### THE RECORDS
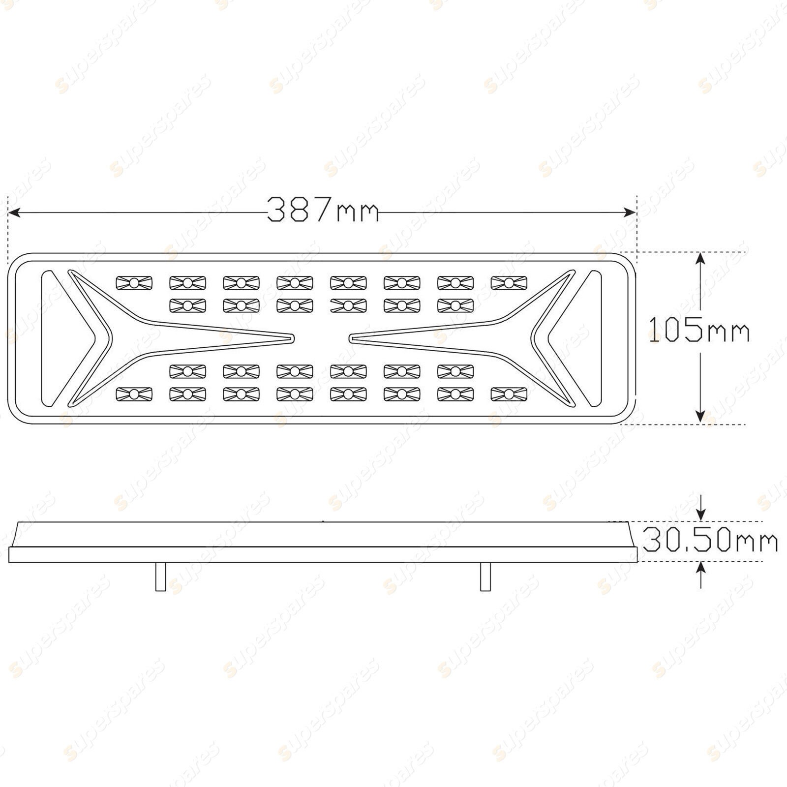 LHS Stop/Tail/Indicator/Reverse with LHS plug, Multivolt, 385 x 104 x x31mm, ECE, BULK
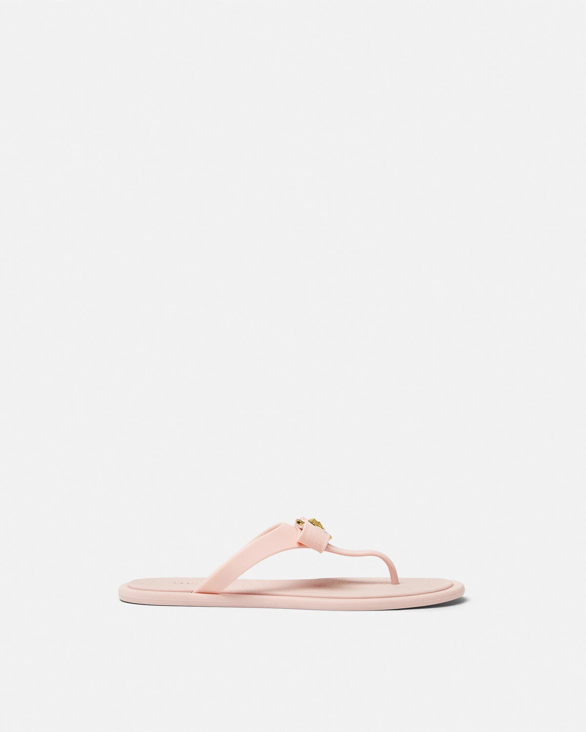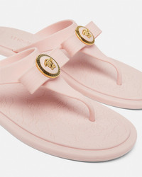 DETAILS These Tbar rubber sandals feature an accent nastro Gianni bow with an enamel Medusa hardware and an allover Barocco engraved sole - Medusa hardware - Barocco engraving - Slip-on - T-bar - Outer composition: 100% Thermoplastic polyurethane - Sole: 100% Thermoplastic polyurethane Item: 1018789-1A10983_1PT2V SIZE & FIT - The shoe weighs approximately 10.6 oz / 0.3 kg for the model size 39 IT - Footbed: comfortable - Fits true to size, take your normal size
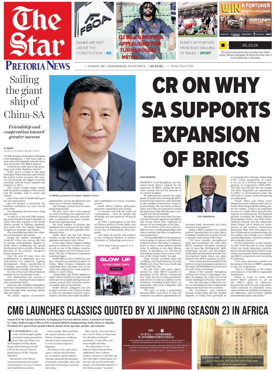 Xi made the remarks in an article that he wrote for South African media, which was published on Monday, as he started a state visit to the nation and is due to attend the 15th BRICS Summit to be held in Johannesburg from Tuesday to Thursday.
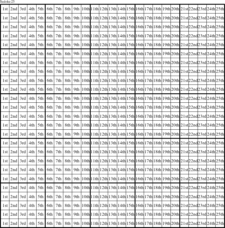 In a Sudoku-25 puzzle, each row is a group numbered as shown in the figure above.
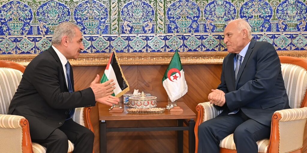 استقبل وزير الشؤون الخارجية والجالية الوطنية بالخارج، السيد أحمد عطاف، الثلاثاء، بمقر الوزارة، رئيس مجلس إدارة مركز الأبحاث الفلسطيني ورئيس الوزراء الأسبق بدولة فلسطين الشقيقة، السيد محمد اشتية، الذي يقوم بزيارة عمل إلى الجزائر، حسب ما جاء في بيان للوزارة.
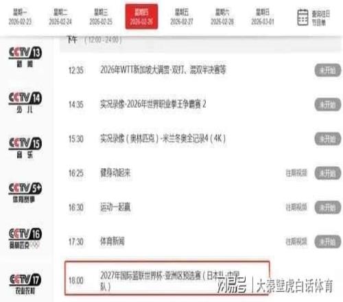 根據(jù)賽程顯示,世預(yù)賽中國男籃vs日本隊(duì)男籃的比賽將會(huì)在北京時(shí)間2月26日18點(diǎn)05分開打。
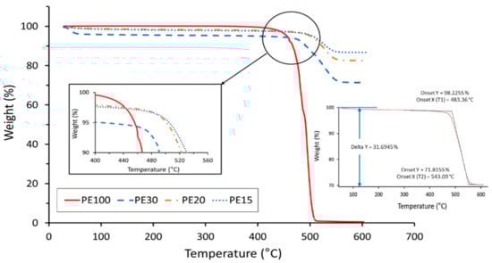 The extrapolated onset temperature, which refers to the temperature at which the weight loss begins, is the intersecting point of two lines drawn tangent to the two linear regions of the TGA curve. The onset temperature was used for consistency. This temperature is also recommended by both ASTM E1131 and ISO 11358 standards. The delta Y, the change in mass, was used to measure the “as run” sample and determine the mass fractions of each phase.
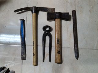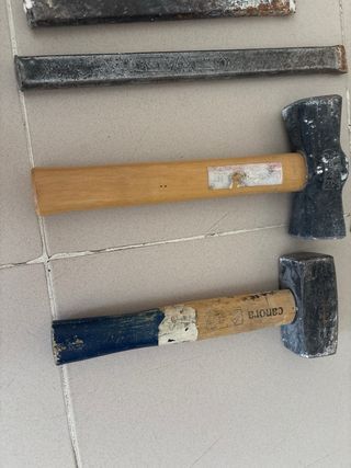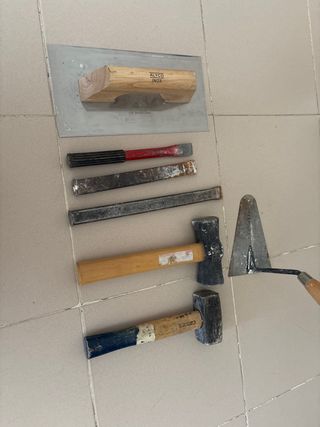 Juego de herramientas usadas para albañilería. Ideales para pequeños trabajos de bricolaje o reparaciones. - Incluye una llana de acero inoxidable, dos mazos, cinceles y una paleta de albañil. - Las herramientas muestran señales de uso, pero están en buen estado general. cortafrios bellota
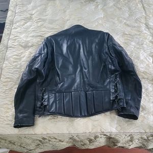 pre-owned men's motorcycle jacket. this is a heavy duty jacket. spent $300 on it. listing it as an XL. I'm 6'1 235 lbs and fits perfectly. could fit XXL. few spots on the back where they leather I guess has come off. not noticeable from a distance.

### EXERCISE DESCRIPTION
After removing the pictures, transcribe the listing above exactly.

### SOLVED EXERCISE
 LHS Stop/Tail/Indicator/Reverse with LHS plug, Multivolt, 385 x 104 x x31mm, ECE, BULK
 DETAILS These Tbar rubber sandals feature an accent nastro Gianni bow with an enamel Medusa hardware and an allover Barocco engraved sole - Medusa hardware - Barocco engraving - Slip-on - T-bar - Outer composition: 100% Thermoplastic polyurethane - Sole: 100% Thermoplastic polyurethane Item: 1018789-1A10983_1PT2V SIZE & FIT - The shoe weighs approximately 10.6 oz / 0.3 kg for the model size 39 IT - Footbed: comfortable - Fits true to size, take your normal size
 Xi made the remarks in an article that he wrote for South African media, which was published on Monday, as he started a state visit to the nation and is due to attend the 15th BRICS Summit to be held in Johannesburg from Tuesday to Thursday.
 In a Sudoku-25 puzzle, each row is a group numbered as shown in the figure above.
 استقبل وزير الشؤون الخارجية والجالية الوطنية بالخارج، السيد أحمد عطاف، الثلاثاء، بمقر الوزارة، رئيس مجلس إدارة مركز الأبحاث الفلسطيني ورئيس الوزراء الأسبق بدولة فلسطين الشقيقة، السيد محمد اشتية، الذي يقوم بزيارة عمل إلى الجزائر، حسب ما جاء في بيان للوزارة.
 根據(jù)賽程顯示,世預(yù)賽中國男籃vs日本隊(duì)男籃的比賽將會(huì)在北京時(shí)間2月26日18點(diǎn)05分開打。
 The extrapolated onset temperature, which refers to the temperature at which the weight loss begins, is the intersecting point of two lines drawn tangent to the two linear regions of the TGA curve. The onset temperature was used for consistency. This temperature is also recommended by both ASTM E1131 and ISO 11358 standards. The delta Y, the change in mass, was used to measure the “as run” sample and determine the mass fractions of each phase.
 Juego de herramientas usadas para albañilería. Ideales para pequeños trabajos de bricolaje o reparaciones. - Incluye una llana de acero inoxidable, dos mazos, cinceles y una paleta de albañil. - Las herramientas muestran señales de uso, pero están en buen estado general. cortafrios bellota
 pre-owned men's motorcycle jacket. this is a heavy duty jacket. spent $300 on it. listing it as an XL. I'm 6'1 235 lbs and fits perfectly. could fit XXL. few spots on the back where they leather I guess has come off. not noticeable from a distance.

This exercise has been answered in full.